§ Given records:
Content starts

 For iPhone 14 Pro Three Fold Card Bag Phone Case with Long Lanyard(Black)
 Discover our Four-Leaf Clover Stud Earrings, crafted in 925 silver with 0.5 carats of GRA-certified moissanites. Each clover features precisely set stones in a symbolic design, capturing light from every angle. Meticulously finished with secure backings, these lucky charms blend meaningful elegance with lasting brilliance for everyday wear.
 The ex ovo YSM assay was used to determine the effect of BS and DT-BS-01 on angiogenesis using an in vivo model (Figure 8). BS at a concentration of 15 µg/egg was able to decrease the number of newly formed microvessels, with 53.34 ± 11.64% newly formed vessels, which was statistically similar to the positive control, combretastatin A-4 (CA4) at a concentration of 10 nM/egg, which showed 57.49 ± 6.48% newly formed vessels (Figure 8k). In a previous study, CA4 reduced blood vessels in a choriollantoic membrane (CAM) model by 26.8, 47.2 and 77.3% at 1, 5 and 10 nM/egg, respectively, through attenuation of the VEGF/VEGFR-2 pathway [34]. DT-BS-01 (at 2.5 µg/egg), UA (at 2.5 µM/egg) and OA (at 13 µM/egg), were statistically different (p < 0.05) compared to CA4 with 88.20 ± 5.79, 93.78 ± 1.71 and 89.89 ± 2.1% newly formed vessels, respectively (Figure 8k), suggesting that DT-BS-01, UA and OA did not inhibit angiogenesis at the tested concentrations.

Content ends
Content starts

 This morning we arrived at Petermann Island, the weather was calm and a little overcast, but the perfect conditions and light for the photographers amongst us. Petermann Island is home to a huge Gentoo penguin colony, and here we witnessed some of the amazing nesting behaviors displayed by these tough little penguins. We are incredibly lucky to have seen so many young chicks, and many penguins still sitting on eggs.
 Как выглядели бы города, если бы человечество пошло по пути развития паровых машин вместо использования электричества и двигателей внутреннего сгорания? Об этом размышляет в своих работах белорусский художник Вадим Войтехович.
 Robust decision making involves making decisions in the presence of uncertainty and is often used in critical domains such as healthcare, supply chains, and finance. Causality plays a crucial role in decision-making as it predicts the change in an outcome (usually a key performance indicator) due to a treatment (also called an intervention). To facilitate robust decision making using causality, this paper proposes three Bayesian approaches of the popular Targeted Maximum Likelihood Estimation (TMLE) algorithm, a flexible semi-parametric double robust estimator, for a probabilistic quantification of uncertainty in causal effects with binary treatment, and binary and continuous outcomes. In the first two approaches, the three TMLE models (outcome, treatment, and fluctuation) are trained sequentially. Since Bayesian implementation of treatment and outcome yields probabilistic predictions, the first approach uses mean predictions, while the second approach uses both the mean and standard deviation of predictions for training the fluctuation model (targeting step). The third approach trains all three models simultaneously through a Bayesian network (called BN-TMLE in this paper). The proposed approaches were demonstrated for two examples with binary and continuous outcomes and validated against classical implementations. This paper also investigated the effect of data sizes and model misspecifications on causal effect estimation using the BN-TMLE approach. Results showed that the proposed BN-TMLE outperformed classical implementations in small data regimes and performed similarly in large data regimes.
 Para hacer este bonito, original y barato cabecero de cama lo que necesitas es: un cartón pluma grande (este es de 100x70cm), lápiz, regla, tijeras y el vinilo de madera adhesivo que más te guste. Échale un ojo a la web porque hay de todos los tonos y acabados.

Content ends

§ Task prompt:
Copy out every line of the material above that mentions the word "these".

§ Task response:
 Discover our Four-Leaf Clover Stud Earrings, crafted in 925 silver with 0.5 carats of GRA-certified moissanites. Each clover features precisely set stones in a symbolic design, capturing light from every angle. Meticulously finished with secure backings, these lucky charms blend meaningful elegance with lasting brilliance for everyday wear.
 This morning we arrived at Petermann Island, the weather was calm and a little overcast, but the perfect conditions and light for the photographers amongst us. Petermann Island is home to a huge Gentoo penguin colony, and here we witnessed some of the amazing nesting behaviors displayed by these tough little penguins. We are incredibly lucky to have seen so many young chicks, and many penguins still sitting on eggs.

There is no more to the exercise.